The son of an industrial chemist, James Harold Wilson was born March 11, 1916, in the heart of industrial Yorkshire, and spent his childhood in a hillside village overlooking the factory smoke of the Colne Valley. At the local council school, he won the first of a series of scholarships that eventually carried him to Oxford's Jesus College, where he was a leading member of the debating society and a cross-country runner. Graduating with first class honors, Wilson remained at Oxford as an economics don until the war, ending up in the Ministry of Fuel and Power. Sir William Beveridge employed him as a researcher for his famed Social Insurance report, and called Wilson a "brilliant young man" and "the best economist I've ever had."
In 1945 Wilson stood for office for the first time, and, in the election that threw Winston Churchill out of office, won a Lancashire seat handily by 7,022 votes. Two years later, when Wilson became President of the Board of Trade at 31, he was the youngest Cabinet member since William Pitt.
Littered House. Among his constituents or at his red-brick home in Hampstead Garden Suburb, Wilson is affable, easygoing and well-liked. His wife Mary, the daughter of a Baptist minister, writes poetry and is active in her local church; his two sons, Robin. 19, and Giles, 14, litter the house with sports gear and mackintoshes. But in the House of Com mons, the reaction to Wilson is generally one of uneasy suspicion, and he is frequently accused of being "slippery." As the Economist put it last week, "On the big things--defense, the American alliance, East-West, the need to give Labor a twentieth century look--Mr. Wilson has been consistently ambiguous, indeed deliberately and cleverly so. These are the reasons for more than doubt about his leadership.''
Having quit the Labor Cabinet in 1951, along with Firebrand Aneurin Bevan, Wilson has inherited much of Bevan's leftwing support. But in the Cabinet his main administrative achievement was the dismantling of a vast array of controls on Britain's postwar economy. He has always been more pragmatic than doctrinaire--or opportunistic, his enemies say. In a Commons speech last week he declared, "What I am saying may or may not be ideological, but it will get the export orders." With the left safely on his side, Wilson is shrewd enough to know that, as leader, he must now conciliate the party's center and right.

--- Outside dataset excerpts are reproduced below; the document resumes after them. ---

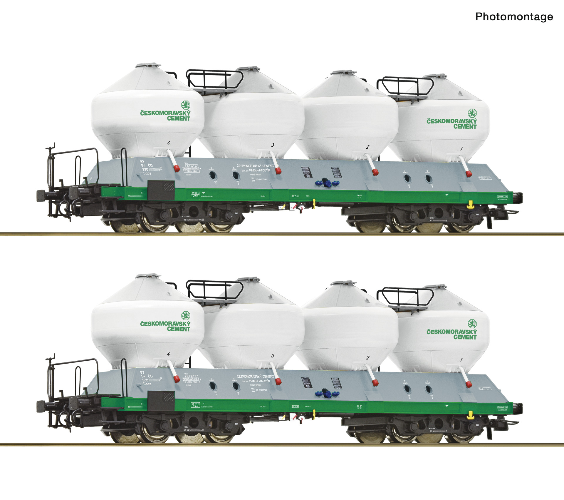 Wagenset mit zwei Silowagen, Gattung Uacs, der Ceskomoravsky Cement eingestellt bei den Tschechischen Staatsbahnen.
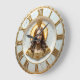 Bring a high-energy and majestic focal point of faith into your home with this stunning spiritual wall clock. The central face features a high-definition graphic of Jesus crowned in gold, set against a radiant sunburst and a clean white background. While the dial masterfully mimics the elegant veins of polished white marble and the ornate Roman numerals and outer filigree look like raised metallic gold, this is a lightweight and durable graphic timepiece rather than actual heavy stone or cast metal. The large gold-style numerals provide a professional and polished contrast, ensuring the time is easily readable at a glance. This timepiece serves as a sophisticated addition to a sanctuary, office, or living space, making it a powerful and meaningful self-gift for those who appreciate high-quality religious portraiture and classic regal design.
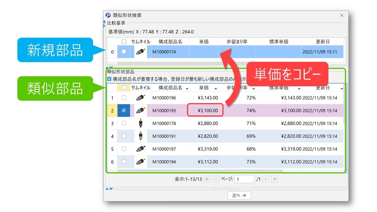また、部品の3D形状をキーにして類似部品を検索する機能により、新規部品に類似した既存部品が見つかった場合、そのコストを新規部品の見積原価として採用することができます。本機能による見積手法の標準化を図ることで、担当者ごとの結果の違いが無くなり、組織全体の見積精度向上につながります。
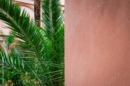 a textured background with pink stucco wall detail and green palm leaves. half and half with modern colours. copy space graphic design background resource for blog articles
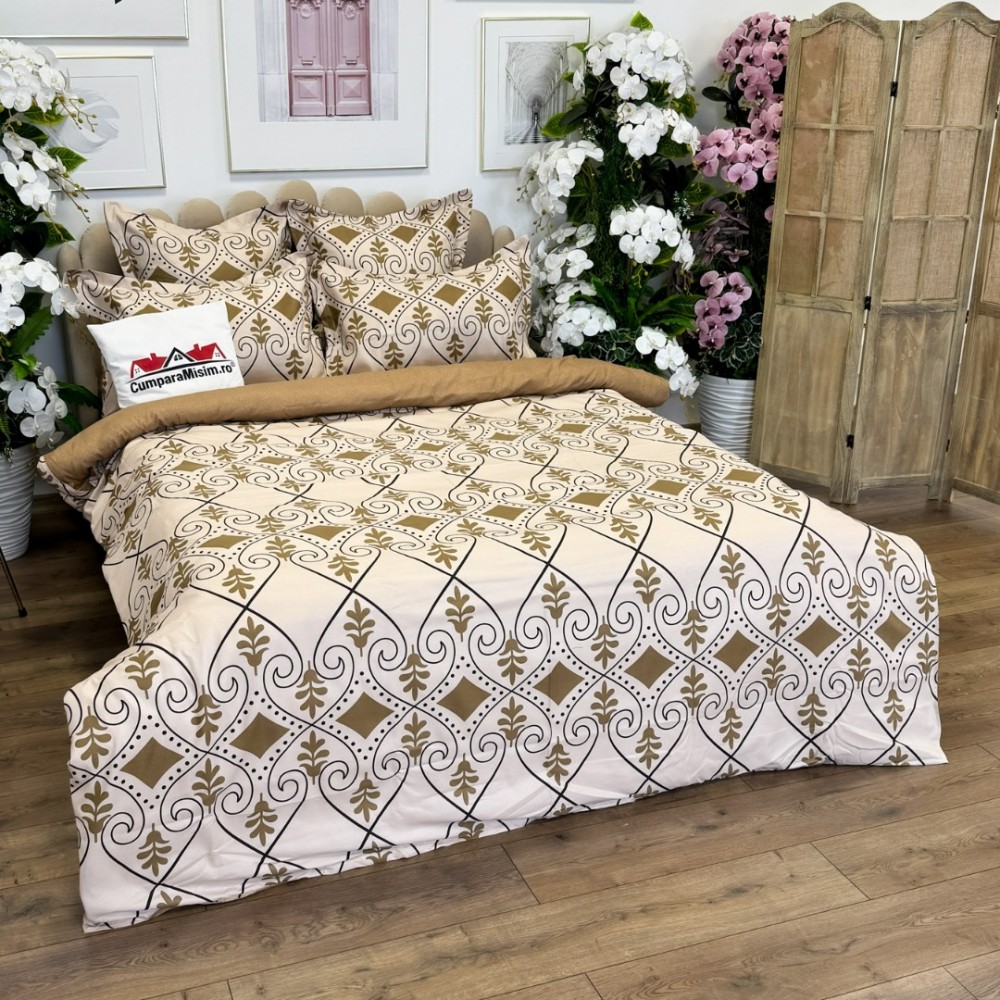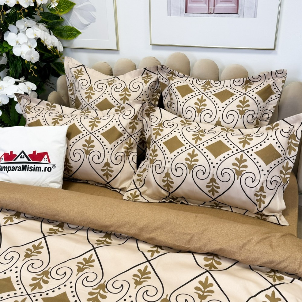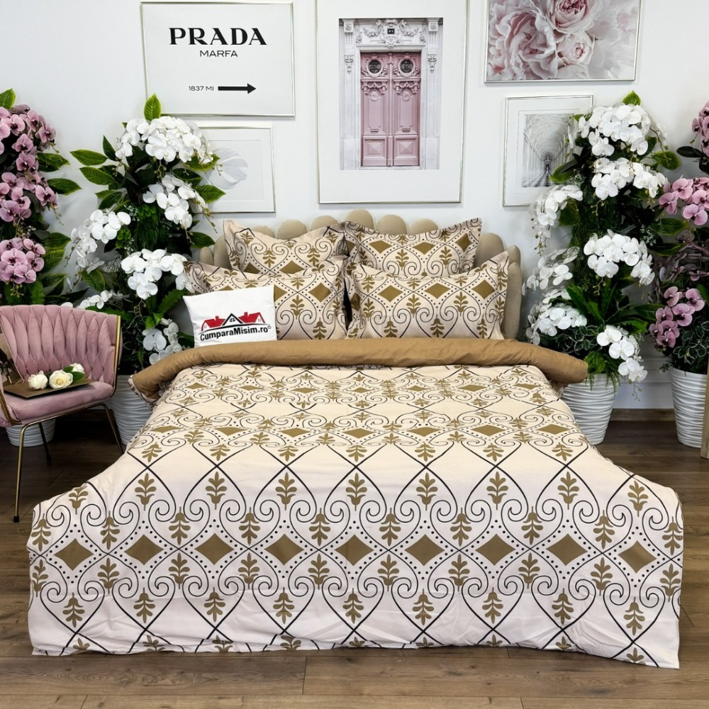 Lenjerie pat dublu, FINET, cu elastic, 6 piese, Bej, Maro, Model Oriental, Primavara Casa, cod produs: PRM-FE-B6013
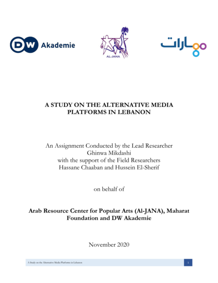 Arab Resource Center for Popular Arts (Al-JANA); Maharat Foundation; Deutsche Welle DW Akademie (2020), 23 pp.
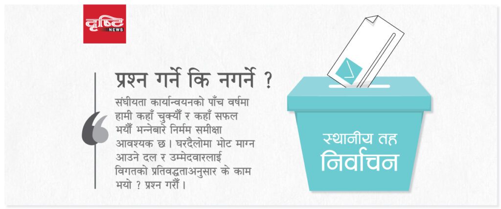 संघीयता कार्यान्वयनको पाँच वर्षमा हामी कहाँ चुक्यौँ र कहाँ सफल भयौँ भन्नेबारे निर्मम समीक्षा आवश्यक छ । घरदैलोमा भोट माग्न आउने दल र उम्मेदवारलाई विगतको प्रतिवद्धताअनुसार के काम भयो ? प्रश्न गरौँ ।
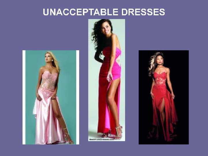 We sincerely hope the previous slides are helpful to our young ladies and parents as they select their dresses for this most important occasion of their high school experience. Again, if there any questions regarding a dress’s appropriateness, please contact: Dr. Hall or Ms. Weatherington
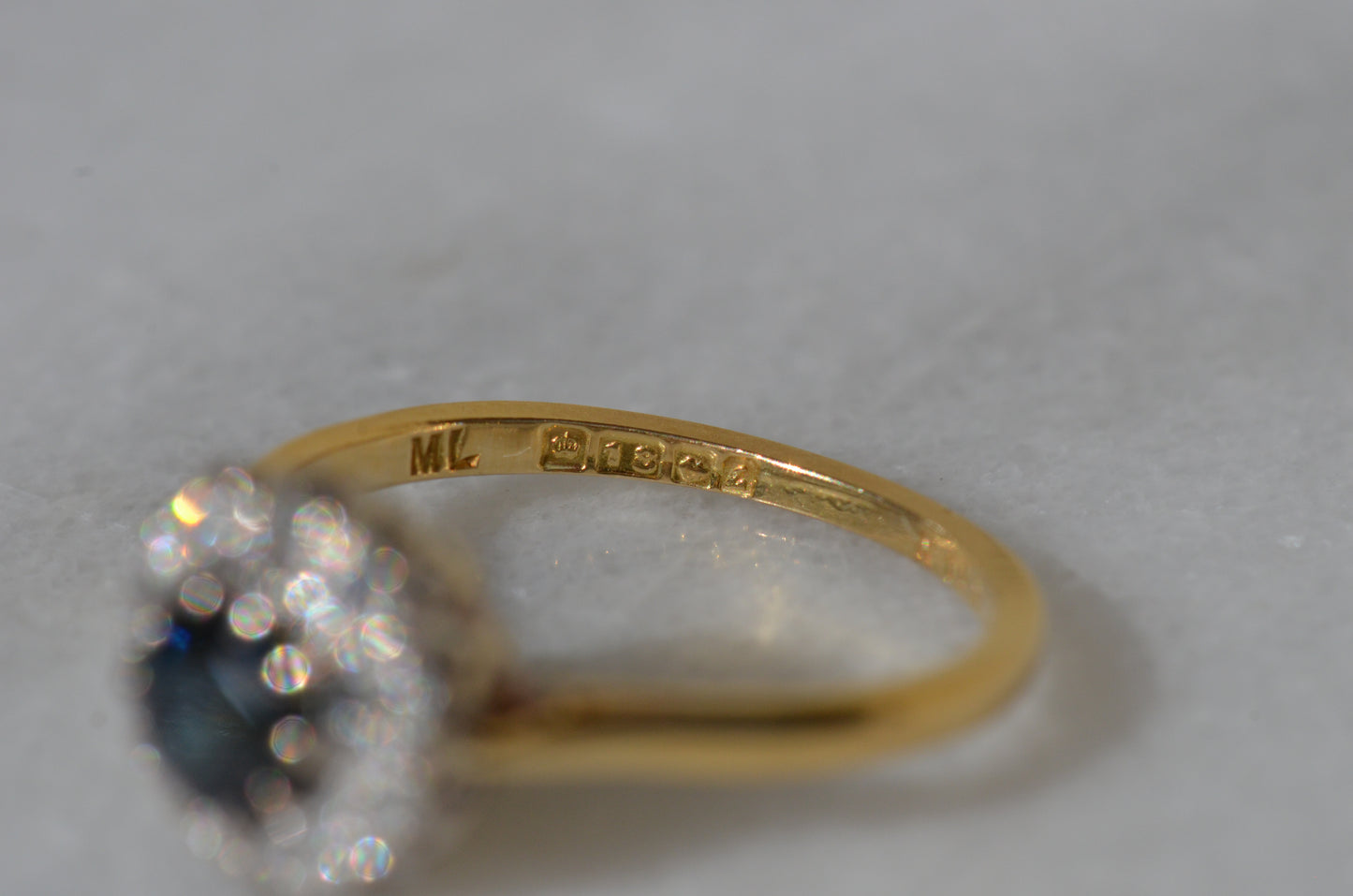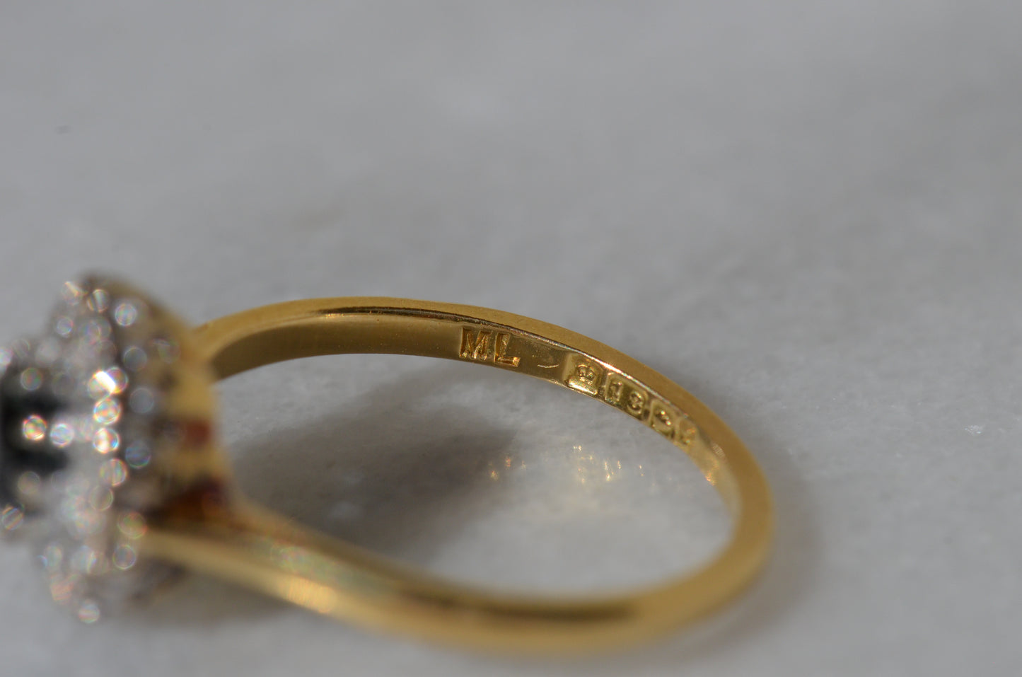 • 18k yellow and white gold, stamped and tested, with full British hallmarks for Birmingham 1960, maker's mark ML and stamp "Halo"

Wilson carried on a mild flirtation with the H-bomb "unilateralists'7 when he challenged Gaitskell for party leadership in 1960, and for a time plumped for neutralism instead of NATO. Last week Wilson reassured everybody that the Labor Party "stands firmly by NATO." And he added, "We should expect to have a very happy relationship" with Washington. In a recent Commons speech he argued that Britain should avoid the needless expense of a separate nuclear deterrent, but nevertheless should have a voice in deciding when the West (i.e., the U.S.) uses its nuclear power: "There must be no annihilation without representation!"
With his ready tongue and sharp mind, Harold Wilson will prove a formidable adversary for Prime Minister Harold Macmillan (he was swiftly dubbed "The Other Harold"). There is hardly an M.P. who has a better grasp of parliamentary procedure or a better knack of turning it to his side's advantage. He has already drawn blood with his slashing attacks on the "vain nuclear posturing" of the Macmillan government. Macmillan's relations with U.S. President John Kennedy, said Wilson, reminded him of a "seedy uncle" receiving homilies from a young and wealthy nephew. Though it may be difficult to discover precisely where Harold Wilson stands, there was little doubt last week about where he intends to come to rest--at 10 Downing Street.